TASK REQUIREMENTS: Within the listing below, give again exactly the lines between the one containing "سلیم ستی کا" and the one containing "Phòng ngủ master", inclusive, pictures left aside.

MATERIAL FOR THE TASK:
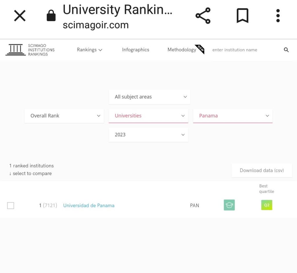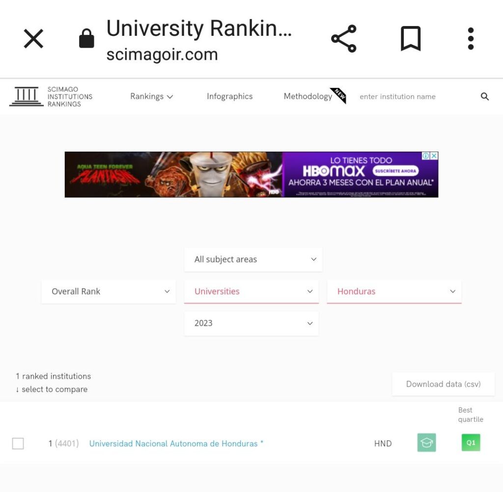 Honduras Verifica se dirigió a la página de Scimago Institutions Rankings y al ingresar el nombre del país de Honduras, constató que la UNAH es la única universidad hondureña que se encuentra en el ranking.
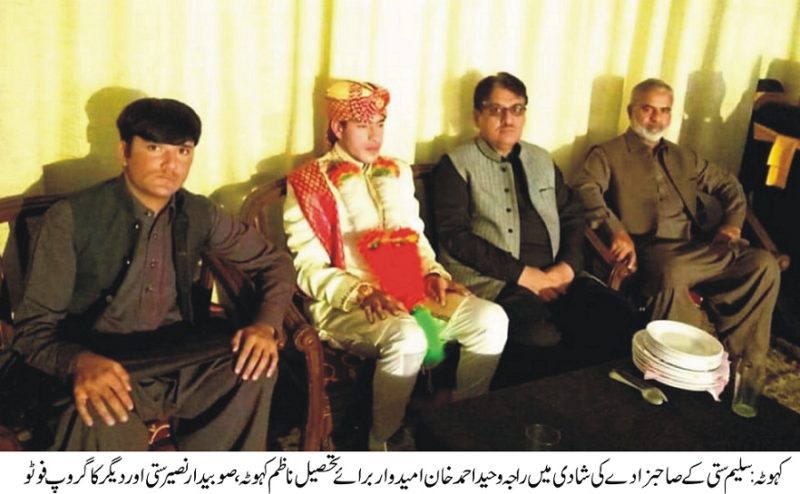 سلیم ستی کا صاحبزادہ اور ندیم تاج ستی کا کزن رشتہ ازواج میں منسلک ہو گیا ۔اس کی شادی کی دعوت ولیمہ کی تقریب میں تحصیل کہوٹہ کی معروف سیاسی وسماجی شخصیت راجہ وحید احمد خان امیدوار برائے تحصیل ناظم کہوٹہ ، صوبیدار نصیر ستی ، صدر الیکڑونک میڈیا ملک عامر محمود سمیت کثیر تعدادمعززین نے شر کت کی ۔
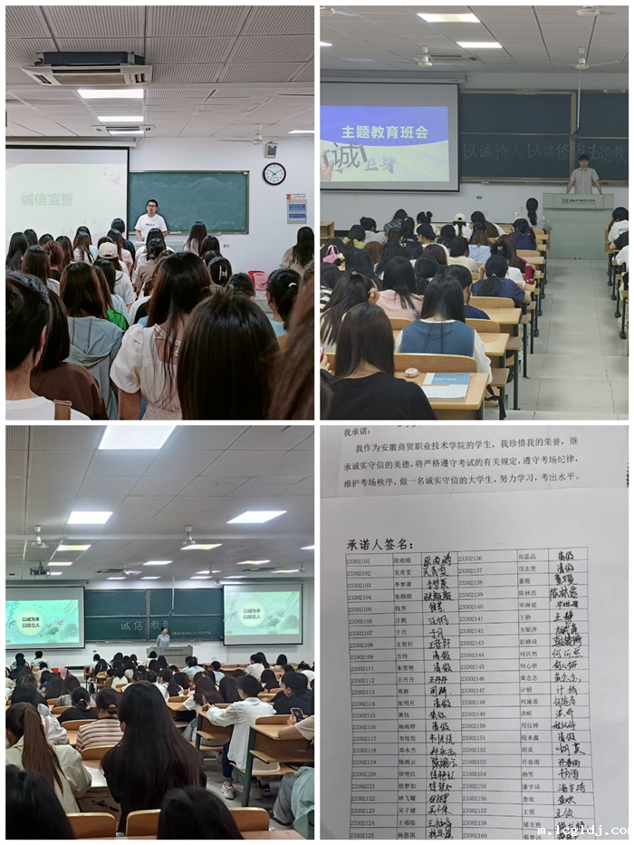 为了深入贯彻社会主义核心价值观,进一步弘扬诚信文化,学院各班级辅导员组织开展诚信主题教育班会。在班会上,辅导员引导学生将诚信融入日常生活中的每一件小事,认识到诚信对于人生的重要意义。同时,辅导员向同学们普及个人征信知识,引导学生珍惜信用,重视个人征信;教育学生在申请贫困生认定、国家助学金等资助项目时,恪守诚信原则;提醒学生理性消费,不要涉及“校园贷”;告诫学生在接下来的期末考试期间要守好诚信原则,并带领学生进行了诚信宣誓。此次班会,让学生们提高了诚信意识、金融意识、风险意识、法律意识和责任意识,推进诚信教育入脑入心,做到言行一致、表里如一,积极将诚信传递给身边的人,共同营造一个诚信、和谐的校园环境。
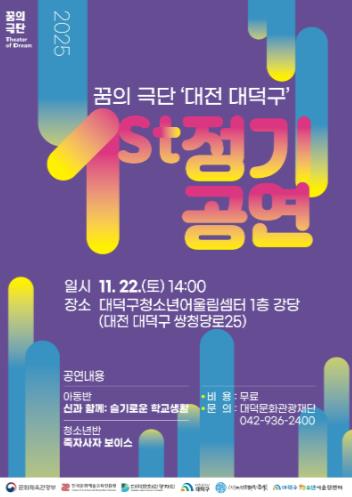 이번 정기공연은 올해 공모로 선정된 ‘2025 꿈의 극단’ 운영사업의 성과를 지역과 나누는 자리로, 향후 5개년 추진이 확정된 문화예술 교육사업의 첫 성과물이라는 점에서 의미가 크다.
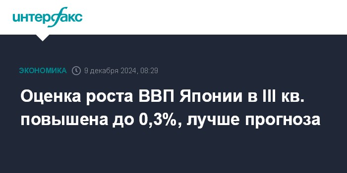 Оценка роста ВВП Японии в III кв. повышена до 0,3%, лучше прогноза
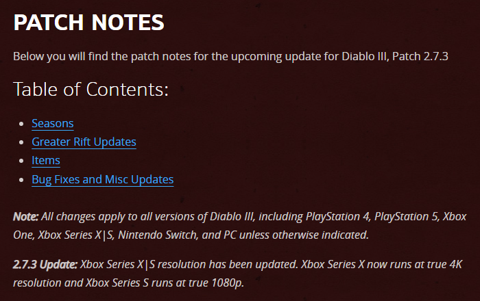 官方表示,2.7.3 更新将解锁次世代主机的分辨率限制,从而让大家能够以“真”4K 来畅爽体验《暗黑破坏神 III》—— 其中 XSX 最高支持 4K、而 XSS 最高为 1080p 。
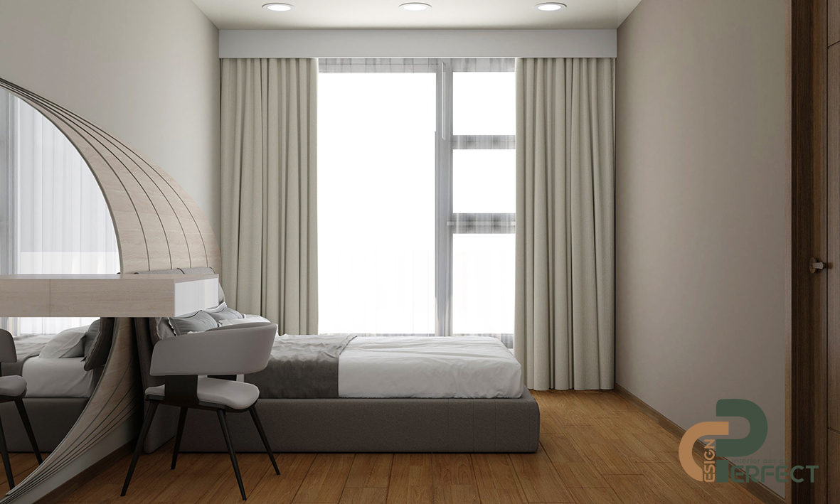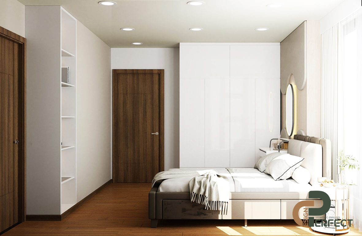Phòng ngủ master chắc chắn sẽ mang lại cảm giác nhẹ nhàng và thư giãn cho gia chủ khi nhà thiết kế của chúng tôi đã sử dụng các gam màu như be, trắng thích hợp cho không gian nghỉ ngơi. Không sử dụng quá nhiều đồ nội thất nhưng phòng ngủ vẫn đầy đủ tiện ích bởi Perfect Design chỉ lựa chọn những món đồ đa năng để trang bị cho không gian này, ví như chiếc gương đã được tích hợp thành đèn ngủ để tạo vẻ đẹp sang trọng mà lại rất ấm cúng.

==

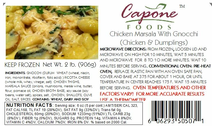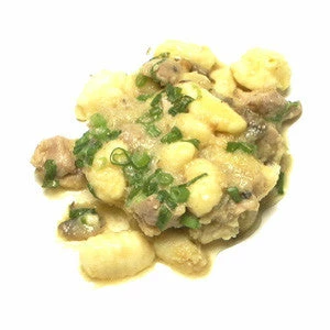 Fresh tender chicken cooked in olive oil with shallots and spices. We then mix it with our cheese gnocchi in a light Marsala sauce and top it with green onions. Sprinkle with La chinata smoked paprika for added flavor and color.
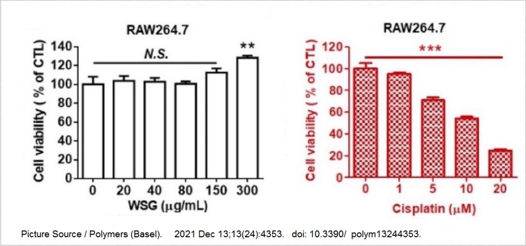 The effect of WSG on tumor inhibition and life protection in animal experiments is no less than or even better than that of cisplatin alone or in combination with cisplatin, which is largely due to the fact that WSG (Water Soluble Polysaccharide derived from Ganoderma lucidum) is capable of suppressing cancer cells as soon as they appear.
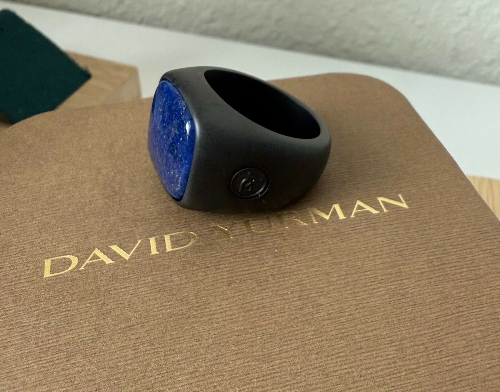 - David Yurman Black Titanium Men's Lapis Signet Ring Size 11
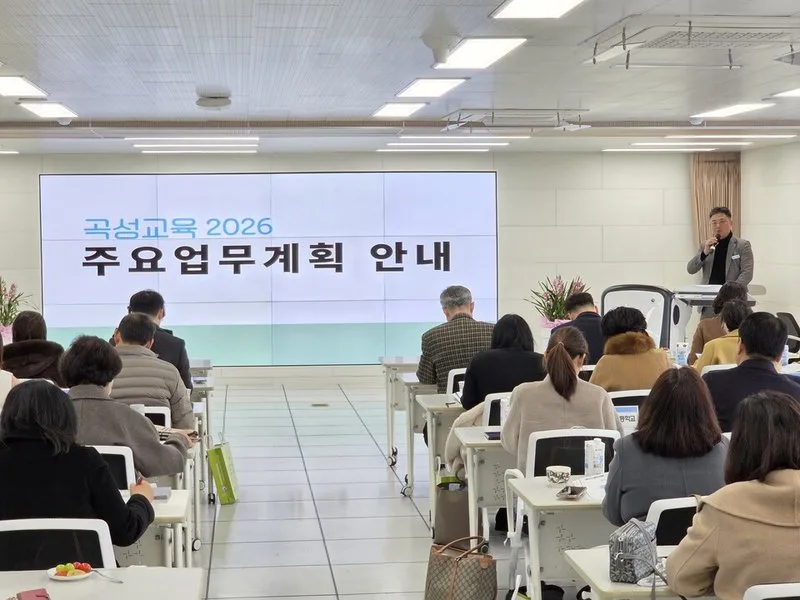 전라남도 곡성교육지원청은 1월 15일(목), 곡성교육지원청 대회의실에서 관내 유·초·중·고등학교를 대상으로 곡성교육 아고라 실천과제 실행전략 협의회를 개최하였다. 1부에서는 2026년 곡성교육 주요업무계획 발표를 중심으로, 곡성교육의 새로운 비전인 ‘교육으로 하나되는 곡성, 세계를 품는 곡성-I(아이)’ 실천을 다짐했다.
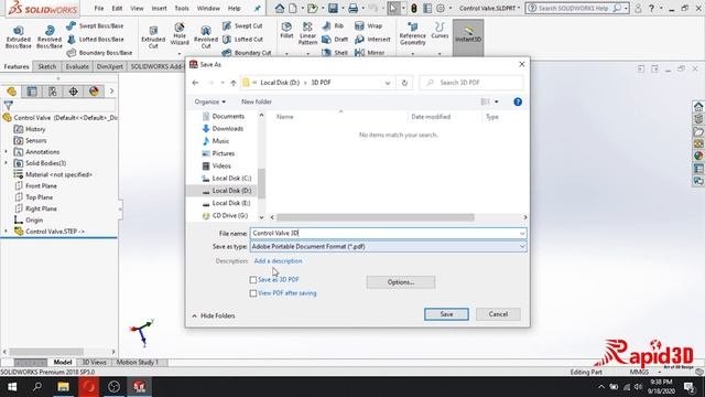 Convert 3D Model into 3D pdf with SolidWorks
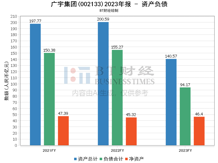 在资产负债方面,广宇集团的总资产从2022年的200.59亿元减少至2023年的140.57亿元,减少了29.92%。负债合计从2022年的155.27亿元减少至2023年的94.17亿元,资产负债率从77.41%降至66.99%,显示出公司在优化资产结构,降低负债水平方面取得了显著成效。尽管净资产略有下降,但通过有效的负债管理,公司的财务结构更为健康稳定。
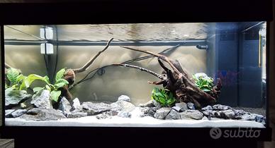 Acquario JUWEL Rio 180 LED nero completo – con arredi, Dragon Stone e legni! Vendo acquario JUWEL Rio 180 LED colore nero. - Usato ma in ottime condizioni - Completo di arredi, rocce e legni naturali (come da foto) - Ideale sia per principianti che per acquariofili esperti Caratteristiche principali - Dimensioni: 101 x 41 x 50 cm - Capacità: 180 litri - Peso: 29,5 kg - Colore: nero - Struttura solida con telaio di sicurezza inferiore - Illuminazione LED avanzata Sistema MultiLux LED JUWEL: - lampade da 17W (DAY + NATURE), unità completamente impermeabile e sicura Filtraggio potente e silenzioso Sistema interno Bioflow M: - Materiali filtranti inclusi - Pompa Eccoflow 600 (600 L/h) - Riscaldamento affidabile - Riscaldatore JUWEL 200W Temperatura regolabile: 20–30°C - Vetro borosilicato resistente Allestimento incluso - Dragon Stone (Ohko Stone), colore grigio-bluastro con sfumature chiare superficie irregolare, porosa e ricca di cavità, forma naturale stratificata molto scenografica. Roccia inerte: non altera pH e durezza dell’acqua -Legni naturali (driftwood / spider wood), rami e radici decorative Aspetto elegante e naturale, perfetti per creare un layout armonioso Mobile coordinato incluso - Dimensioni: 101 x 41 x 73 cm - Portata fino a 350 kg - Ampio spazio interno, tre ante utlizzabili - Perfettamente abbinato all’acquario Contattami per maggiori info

--

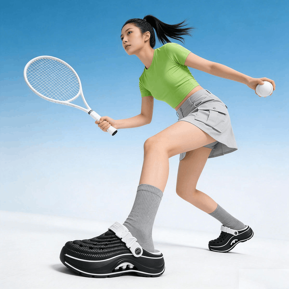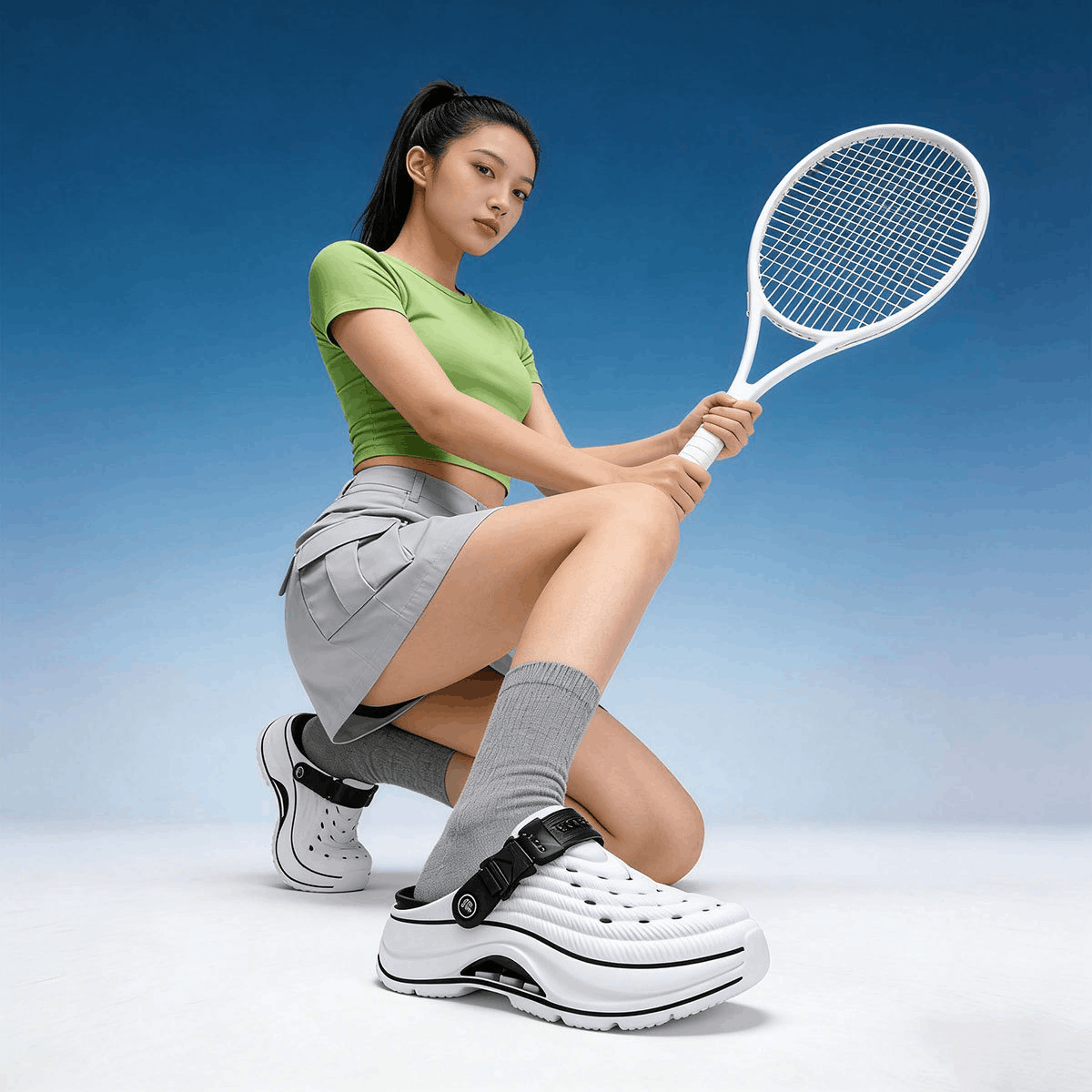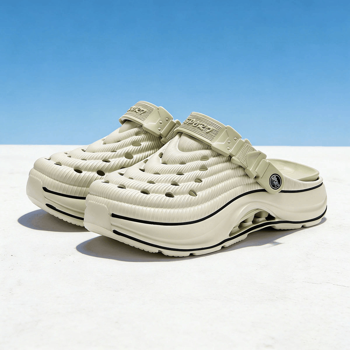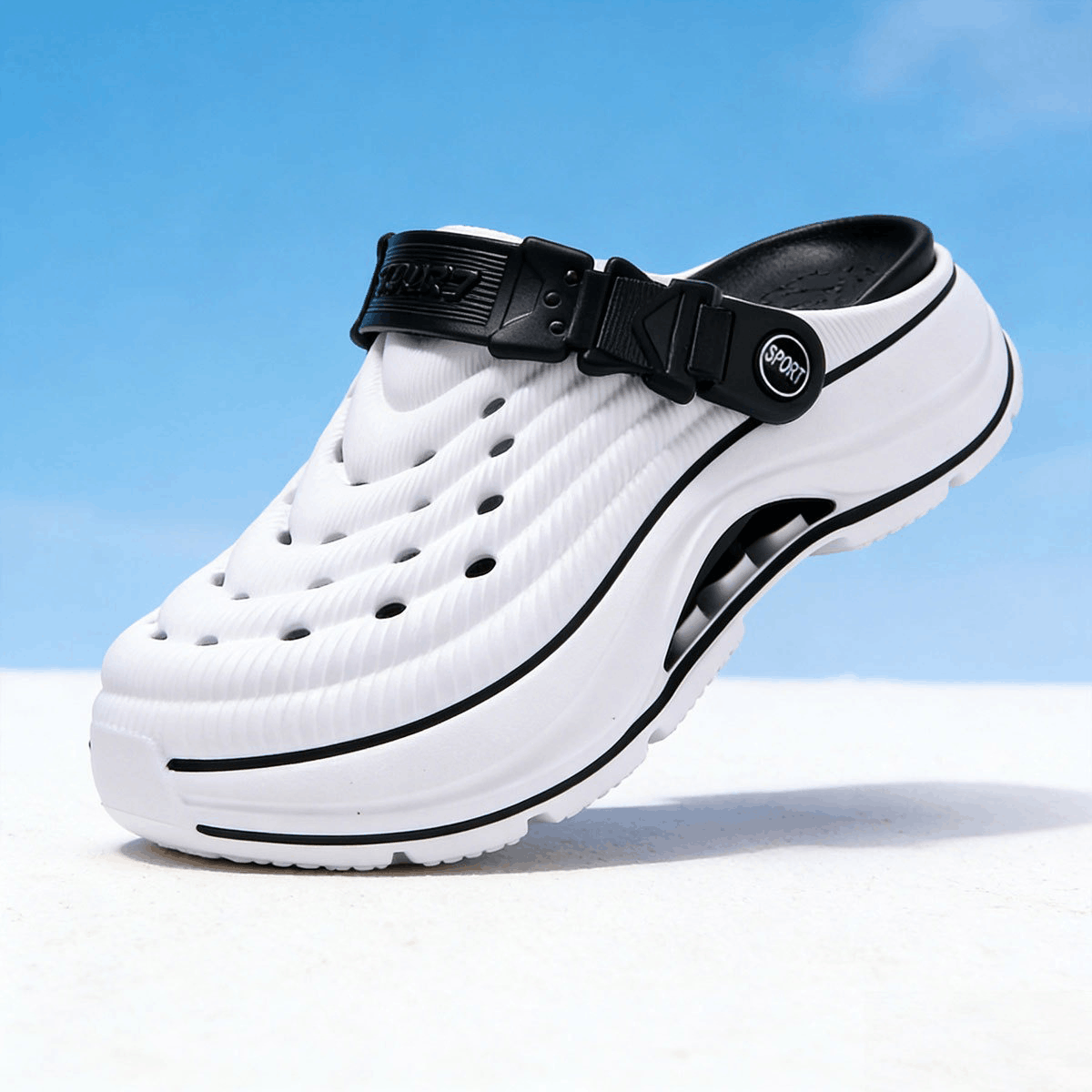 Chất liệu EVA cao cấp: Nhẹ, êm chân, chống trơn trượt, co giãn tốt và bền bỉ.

ANSWER TO THIS PROBLEM:
 سلیم ستی کا صاحبزادہ اور ندیم تاج ستی کا کزن رشتہ ازواج میں منسلک ہو گیا ۔اس کی شادی کی دعوت ولیمہ کی تقریب میں تحصیل کہوٹہ کی معروف سیاسی وسماجی شخصیت راجہ وحید احمد خان امیدوار برائے تحصیل ناظم کہوٹہ ، صوبیدار نصیر ستی ، صدر الیکڑونک میڈیا ملک عامر محمود سمیت کثیر تعدادمعززین نے شر کت کی ۔
 为了深入贯彻社会主义核心价值观,进一步弘扬诚信文化,学院各班级辅导员组织开展诚信主题教育班会。在班会上,辅导员引导学生将诚信融入日常生活中的每一件小事,认识到诚信对于人生的重要意义。同时,辅导员向同学们普及个人征信知识,引导学生珍惜信用,重视个人征信;教育学生在申请贫困生认定、国家助学金等资助项目时,恪守诚信原则;提醒学生理性消费,不要涉及“校园贷”;告诫学生在接下来的期末考试期间要守好诚信原则,并带领学生进行了诚信宣誓。此次班会,让学生们提高了诚信意识、金融意识、风险意识、法律意识和责任意识,推进诚信教育入脑入心,做到言行一致、表里如一,积极将诚信传递给身边的人,共同营造一个诚信、和谐的校园环境。
 이번 정기공연은 올해 공모로 선정된 ‘2025 꿈의 극단’ 운영사업의 성과를 지역과 나누는 자리로, 향후 5개년 추진이 확정된 문화예술 교육사업의 첫 성과물이라는 점에서 의미가 크다.
 Оценка роста ВВП Японии в III кв. повышена до 0,3%, лучше прогноза
 官方表示,2.7.3 更新将解锁次世代主机的分辨率限制,从而让大家能够以“真”4K 来畅爽体验《暗黑破坏神 III》—— 其中 XSX 最高支持 4K、而 XSS 最高为 1080p 。
Phòng ngủ master chắc chắn sẽ mang lại cảm giác nhẹ nhàng và thư giãn cho gia chủ khi nhà thiết kế của chúng tôi đã sử dụng các gam màu như be, trắng thích hợp cho không gian nghỉ ngơi. Không sử dụng quá nhiều đồ nội thất nhưng phòng ngủ vẫn đầy đủ tiện ích bởi Perfect Design chỉ lựa chọn những món đồ đa năng để trang bị cho không gian này, ví như chiếc gương đã được tích hợp thành đèn ngủ để tạo vẻ đẹp sang trọng mà lại rất ấm cúng.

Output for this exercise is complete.